From the records below, output exactly the lines starting at the line with "上海申浩律师事务所捐赠的物资" and ending at the line with "Парметры передачи оптических", both of them included, but no pictures.

#### GIVEN DATA
┌────────
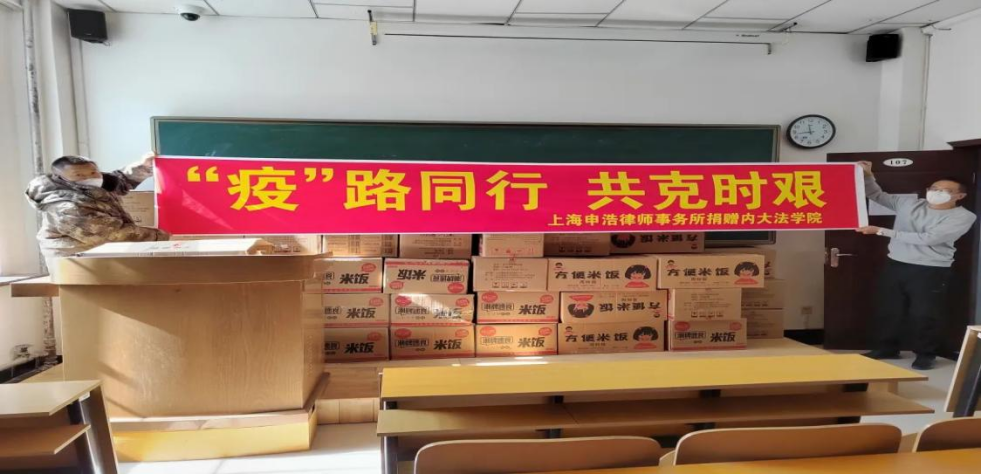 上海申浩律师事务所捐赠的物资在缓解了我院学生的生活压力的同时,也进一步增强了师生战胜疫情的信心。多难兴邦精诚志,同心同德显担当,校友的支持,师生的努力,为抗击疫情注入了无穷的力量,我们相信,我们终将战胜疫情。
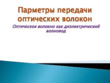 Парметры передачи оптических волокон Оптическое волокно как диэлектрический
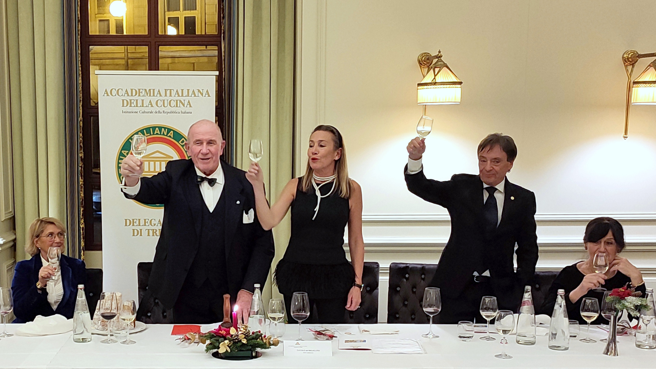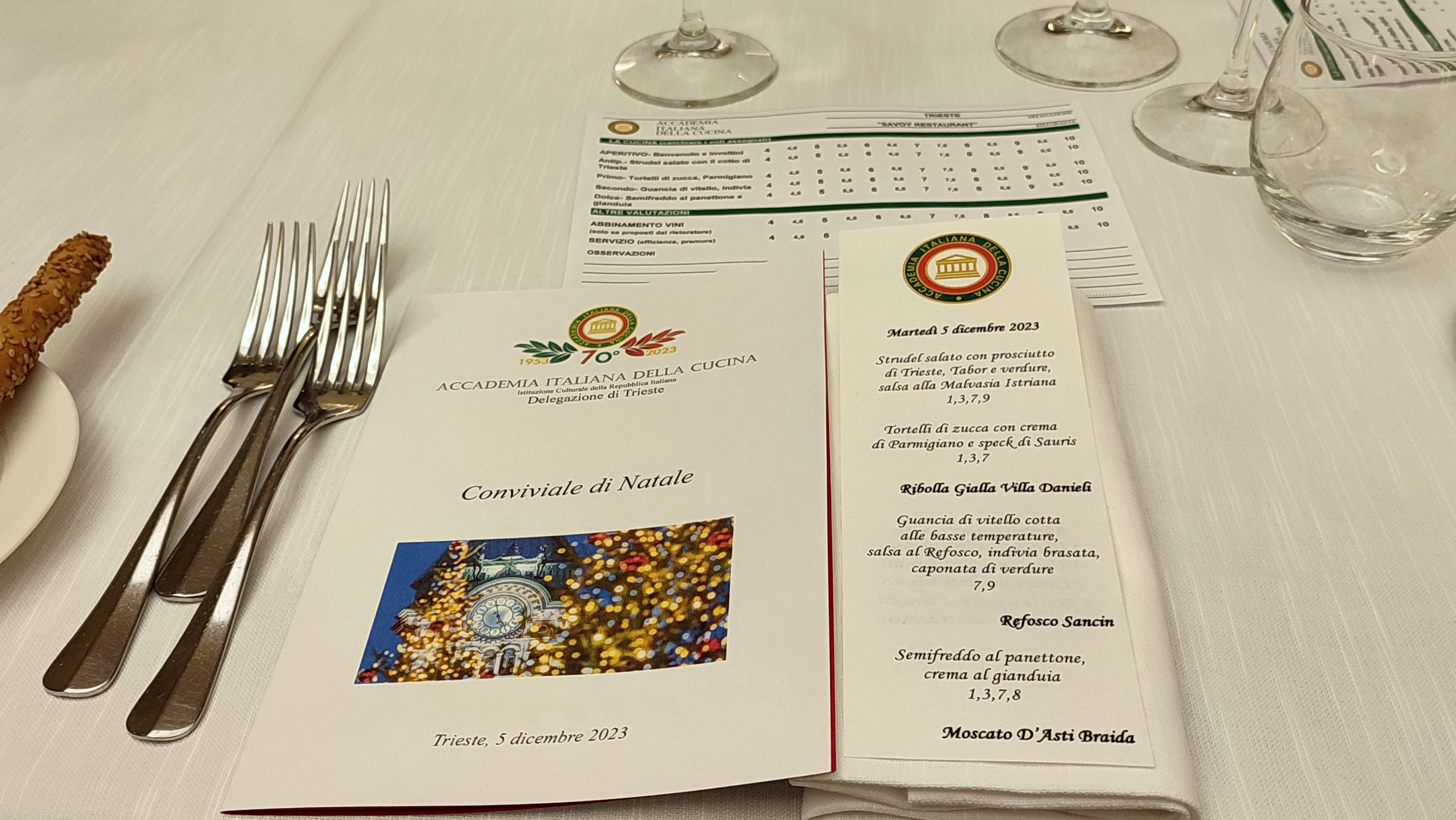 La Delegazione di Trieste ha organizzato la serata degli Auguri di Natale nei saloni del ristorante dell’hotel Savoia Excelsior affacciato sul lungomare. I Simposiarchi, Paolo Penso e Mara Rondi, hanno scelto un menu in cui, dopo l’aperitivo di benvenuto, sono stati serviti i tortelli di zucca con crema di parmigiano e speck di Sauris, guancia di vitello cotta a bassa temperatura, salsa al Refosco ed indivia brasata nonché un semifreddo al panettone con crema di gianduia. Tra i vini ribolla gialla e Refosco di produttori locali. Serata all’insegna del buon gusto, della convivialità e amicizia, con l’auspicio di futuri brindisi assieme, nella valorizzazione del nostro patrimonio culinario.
└────────
┌────────
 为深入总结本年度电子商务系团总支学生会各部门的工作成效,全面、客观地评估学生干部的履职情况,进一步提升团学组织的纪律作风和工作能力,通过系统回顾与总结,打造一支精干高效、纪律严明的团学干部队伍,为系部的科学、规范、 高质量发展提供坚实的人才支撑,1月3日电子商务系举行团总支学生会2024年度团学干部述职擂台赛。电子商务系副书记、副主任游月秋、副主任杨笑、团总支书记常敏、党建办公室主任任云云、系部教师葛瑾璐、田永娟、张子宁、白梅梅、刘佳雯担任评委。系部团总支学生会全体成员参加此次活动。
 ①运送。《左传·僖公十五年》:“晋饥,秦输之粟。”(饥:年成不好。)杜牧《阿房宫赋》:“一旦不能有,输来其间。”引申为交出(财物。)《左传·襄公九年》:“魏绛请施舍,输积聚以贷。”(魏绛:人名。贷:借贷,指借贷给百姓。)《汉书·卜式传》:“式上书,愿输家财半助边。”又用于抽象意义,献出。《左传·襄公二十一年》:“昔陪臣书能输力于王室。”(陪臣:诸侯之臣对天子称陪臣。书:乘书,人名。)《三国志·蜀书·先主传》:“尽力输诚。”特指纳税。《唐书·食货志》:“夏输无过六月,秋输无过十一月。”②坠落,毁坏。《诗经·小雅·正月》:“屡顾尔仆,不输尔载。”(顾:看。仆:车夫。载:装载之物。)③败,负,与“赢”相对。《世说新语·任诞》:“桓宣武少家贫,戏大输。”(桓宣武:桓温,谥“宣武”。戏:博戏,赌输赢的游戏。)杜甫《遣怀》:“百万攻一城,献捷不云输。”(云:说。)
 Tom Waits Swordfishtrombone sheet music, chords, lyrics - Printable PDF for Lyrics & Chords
└────────
┌────────
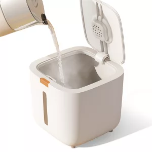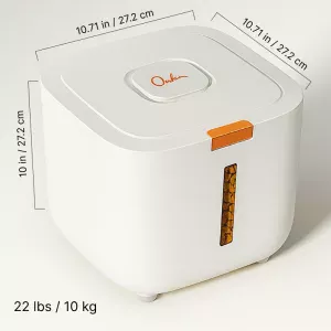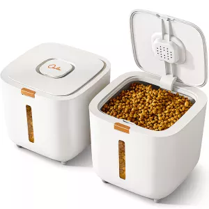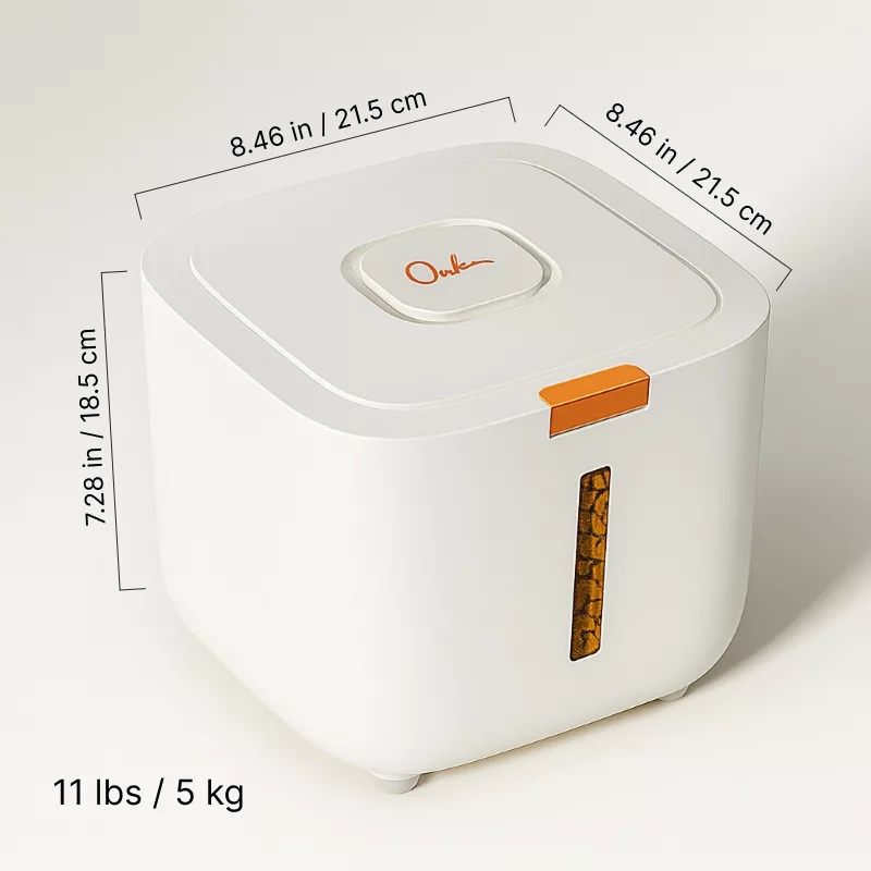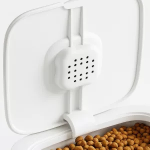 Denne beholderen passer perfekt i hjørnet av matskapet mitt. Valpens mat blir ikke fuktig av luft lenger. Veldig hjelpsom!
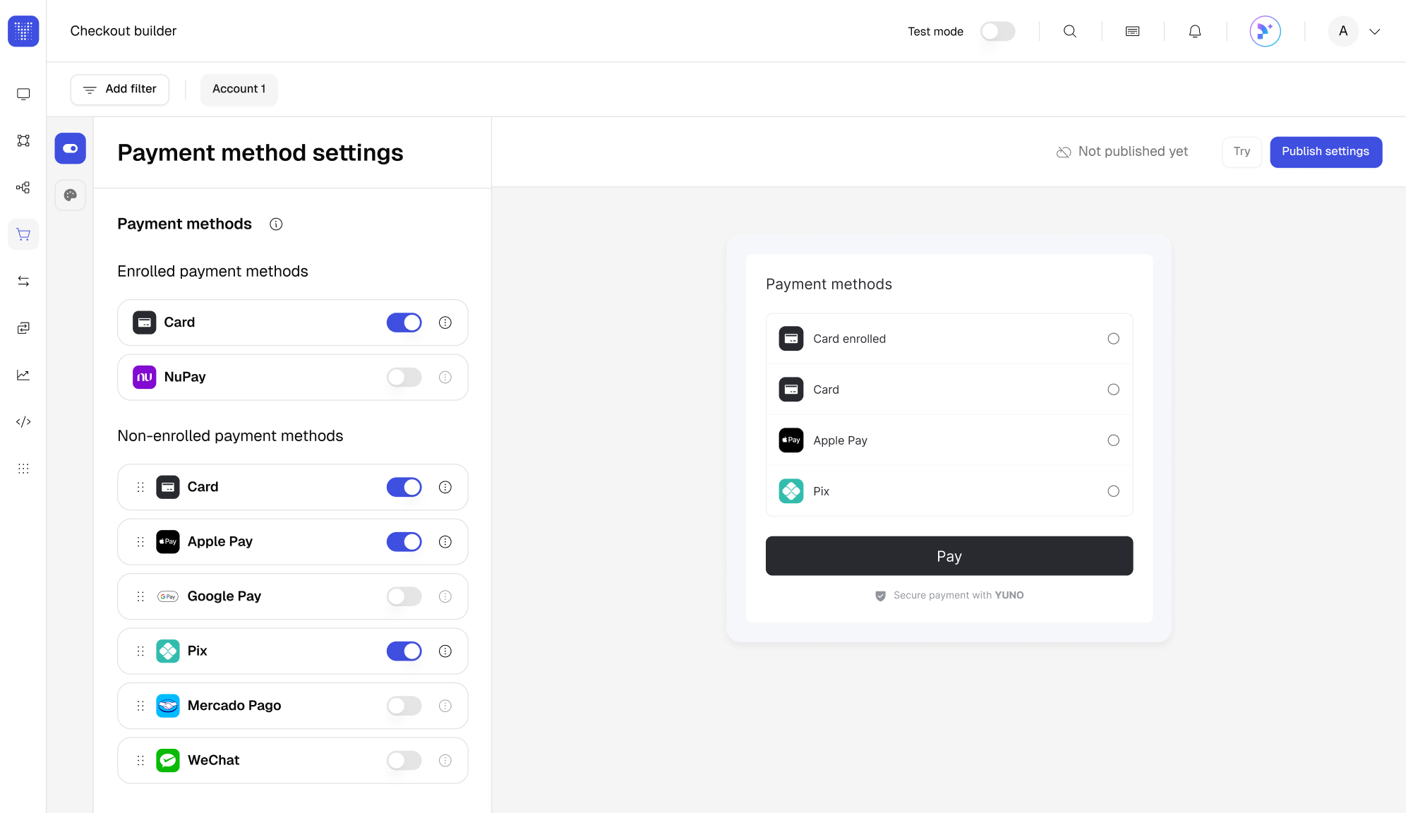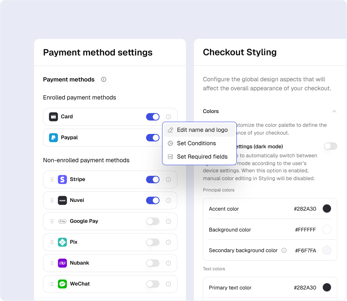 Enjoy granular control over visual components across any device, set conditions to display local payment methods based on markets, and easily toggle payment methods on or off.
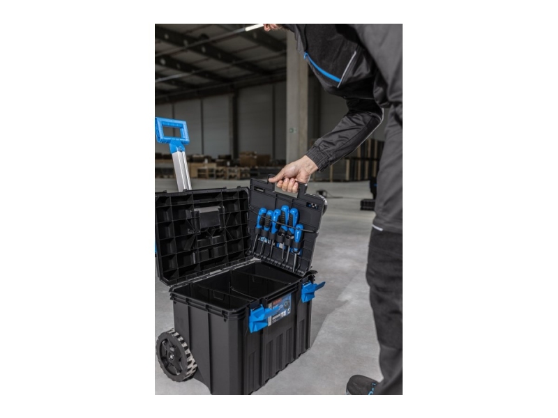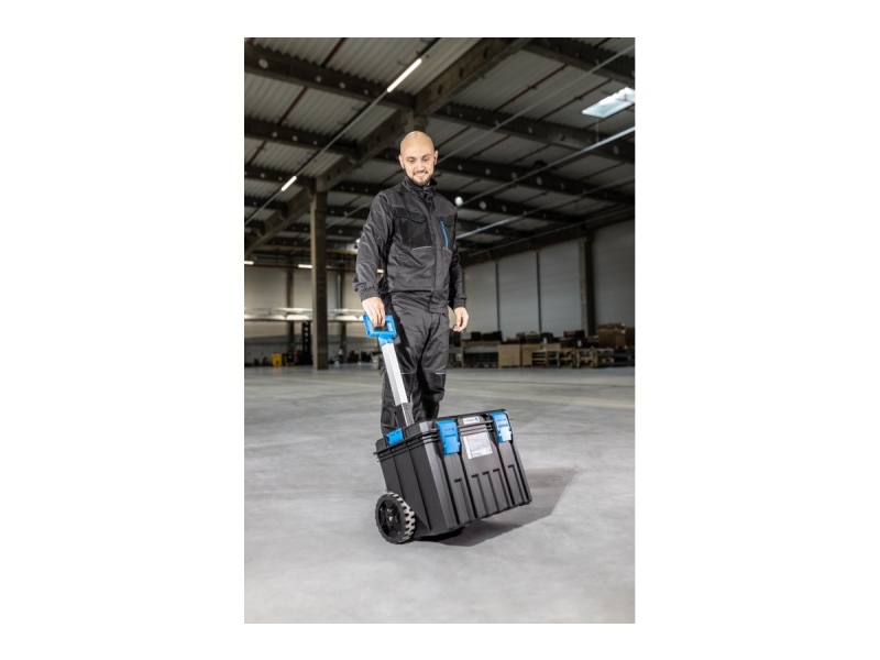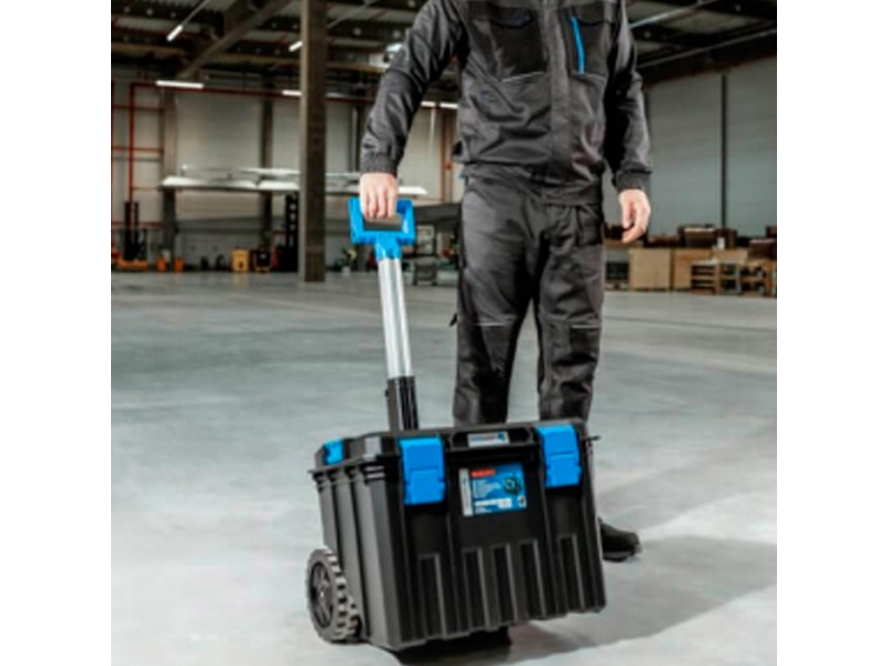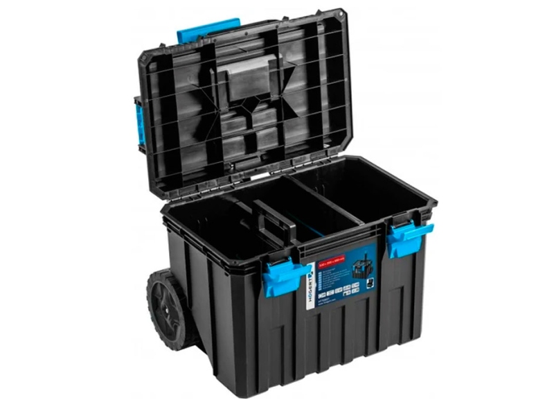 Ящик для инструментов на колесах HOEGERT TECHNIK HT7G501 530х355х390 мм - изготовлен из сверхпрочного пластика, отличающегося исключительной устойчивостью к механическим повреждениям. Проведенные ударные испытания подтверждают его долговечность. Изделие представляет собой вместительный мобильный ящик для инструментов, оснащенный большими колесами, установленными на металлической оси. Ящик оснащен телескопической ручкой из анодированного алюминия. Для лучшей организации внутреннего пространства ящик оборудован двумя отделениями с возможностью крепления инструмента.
└────────
#### ANSWER BELOW
 上海申浩律师事务所捐赠的物资在缓解了我院学生的生活压力的同时,也进一步增强了师生战胜疫情的信心。多难兴邦精诚志,同心同德显担当,校友的支持,师生的努力,为抗击疫情注入了无穷的力量,我们相信,我们终将战胜疫情。
 Парметры передачи оптических волокон Оптическое волокно как диэлектрический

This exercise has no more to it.